MSNBC has pretty much locked
up first place in the Joke-Network competition. Chris Matthews established the
network as the worst of the worst with his fawning over the POTUS, and now Melissa Harris-Perry has finished
the race to the bottom by opening up a discussion featuring Rachel Dolezal as
the “Caitlyn” Jenner of the “trans-black” movement.
To borrow a phrase—C’mon,
man!
Anyone who knows me, listens
to my rants or reads them is familiar with my dismay at the way traditional
journalism has been jilted in favor of the trash available on NBC, CNN, Yahoo!,
and all the others. Don’t they employ editors? How about fact checking? Again,
the scourge of the 24-hour news cycle.
Just last weekend, Linda
asked, “Can’t you believe anything you see on the internet?” It is difficult.
The guy on CNN who suggested that aliens might be involved in the disappearance
of MH370. Now this “trans-black” stuff.
This has to be raised to a
level beyond an old man ranting. We need to find a way to inform our children of
the way people behave properly in a society rather than have them bombarded by
daily assaults of the latest doings of the Kardashians. Are they to be the
guides for our next generation?
Radical Muslims are teaching
their populace a rigid code. Period. How do we teach our children and
citizenry? Well, you know. It involves explanations bordering on the insane,
such as trans-black and justifications for the latest behavior of a celebrity.

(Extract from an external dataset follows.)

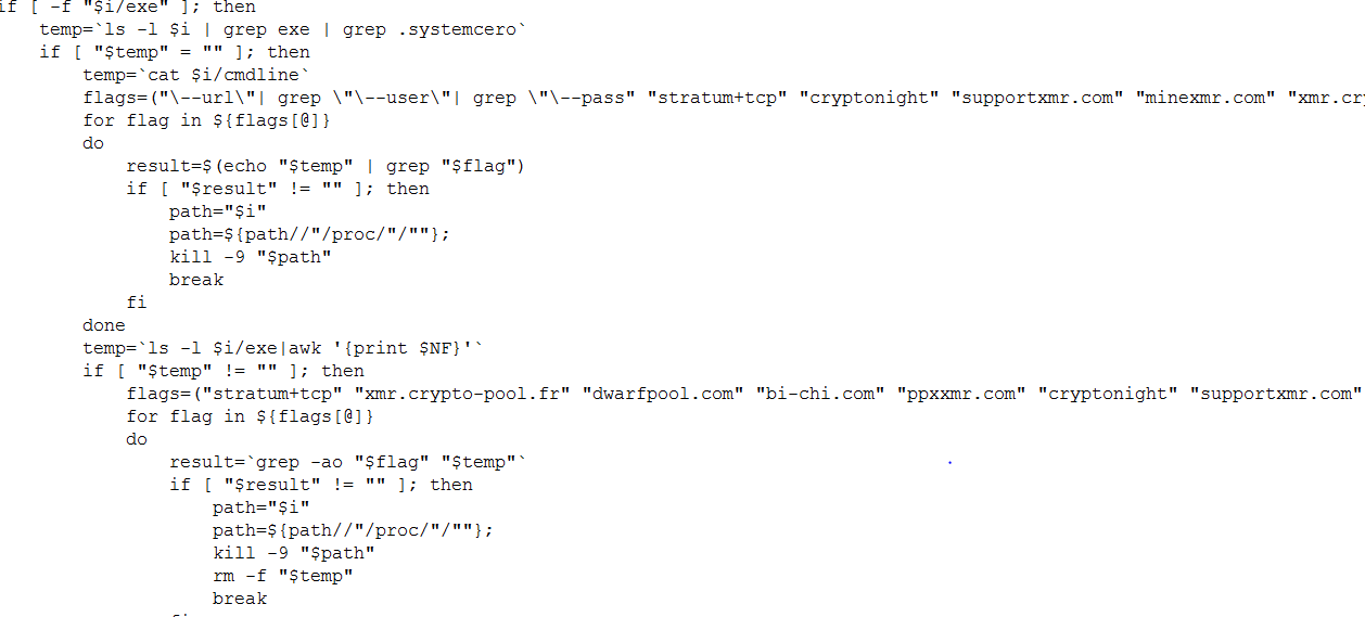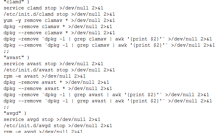 The Trojan checks for existence of known Linux antivirus services such as safedog, aegis, yunsuo, clamd, avast, avgd, cmdavd, cmdmgd, drweb-configd, drweb-spider-kmod, esets and xmirrord. The script then kills these processes and completely removes them from the system using the dpkg utility.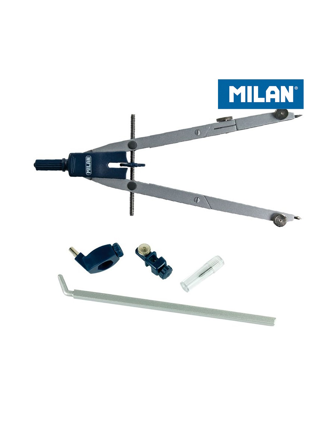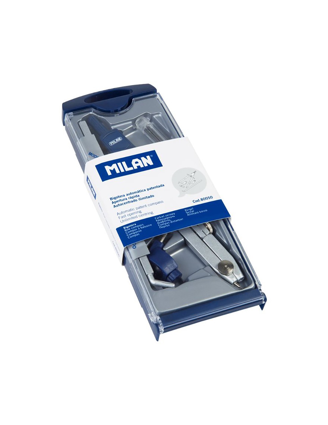 Compás con bigotera automática de apertura rápida milan. bigotera automática de apertura rápida. precisión y calidad constantes. autocentrado ilimitado. contiene minas de recambio, adaptador para rotuladores técnicos y alargadera. ambas patas articuladas. 12cm de largo

A word describing an action
that is essential to human society but has been warped: Discrimination. We must
discriminate to survive, between poison and healthy, between dangerous and
safe, and so on. In society, there is always conflict and balance, between the
rights of one group and the rights of another. Progress involves the evolution
of the lines of discrimination, not the abandonment of all selective thinking.
Without the grumpy,
experienced editor and his blue pencil scrawling symbols on the copy, it is
just a free for all out there. Bad spelling, fabrications, flawed concepts, absence
of thought. How do we fix it? We better find a way.